*Input data*
·····

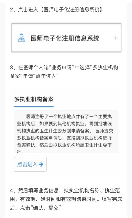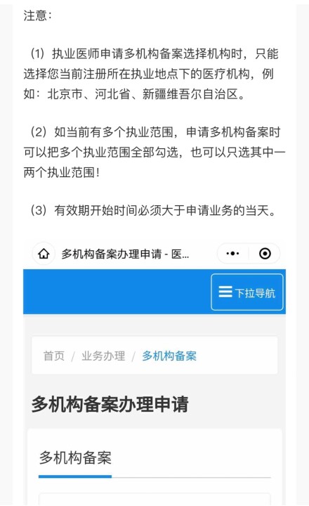 (1)執(zhí)業(yè)醫(yī)師不能跨省多執(zhí)業(yè)機構(gòu)備案。如果要在其他執(zhí)業(yè)地點(其他省份)申請多執(zhí)業(yè)機構(gòu)備案,首先需要在擬執(zhí)業(yè)的省份先申請一個主執(zhí)業(yè)機構(gòu)“注冊”信息,然后再在該有效執(zhí)業(yè)注冊信息的基礎(chǔ)上申請新的多執(zhí)業(yè)機構(gòu)備案。
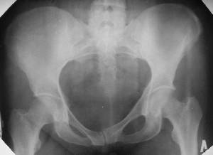 Отсутствие изменений сустава на КТ и обычных рентгенограммах, стойкие боли и ограничение подвижности в суставе - симптомы, характерные для повреждения ацетабулярной губы. ЯМР с контрастом или без должны прояснить картину.
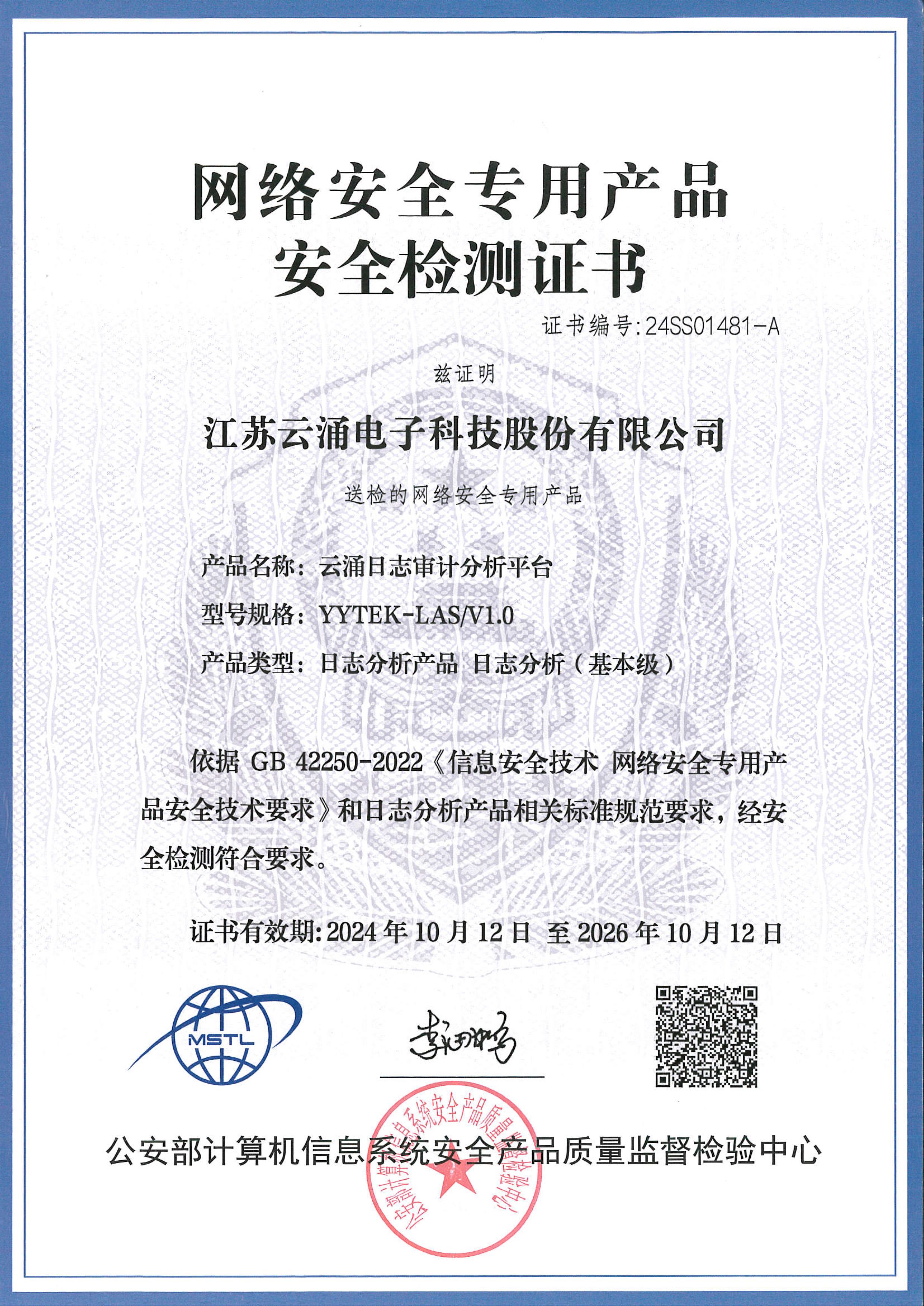 權威認證|云涌日志審計分析平臺獲得《網絡安全專用產品安全檢測證書》

·····

*Task details*
Working from the listing above, retype it exactly but include no images.

*Reply to the exercise*
 (1)執(zhí)業(yè)醫(yī)師不能跨省多執(zhí)業(yè)機構(gòu)備案。如果要在其他執(zhí)業(yè)地點(其他省份)申請多執(zhí)業(yè)機構(gòu)備案,首先需要在擬執(zhí)業(yè)的省份先申請一個主執(zhí)業(yè)機構(gòu)“注冊”信息,然后再在該有效執(zhí)業(yè)注冊信息的基礎(chǔ)上申請新的多執(zhí)業(yè)機構(gòu)備案。
 Отсутствие изменений сустава на КТ и обычных рентгенограммах, стойкие боли и ограничение подвижности в суставе - симптомы, характерные для повреждения ацетабулярной губы. ЯМР с контрастом или без должны прояснить картину.
 權威認證|云涌日志審計分析平臺獲得《網絡安全專用產品安全檢測證書》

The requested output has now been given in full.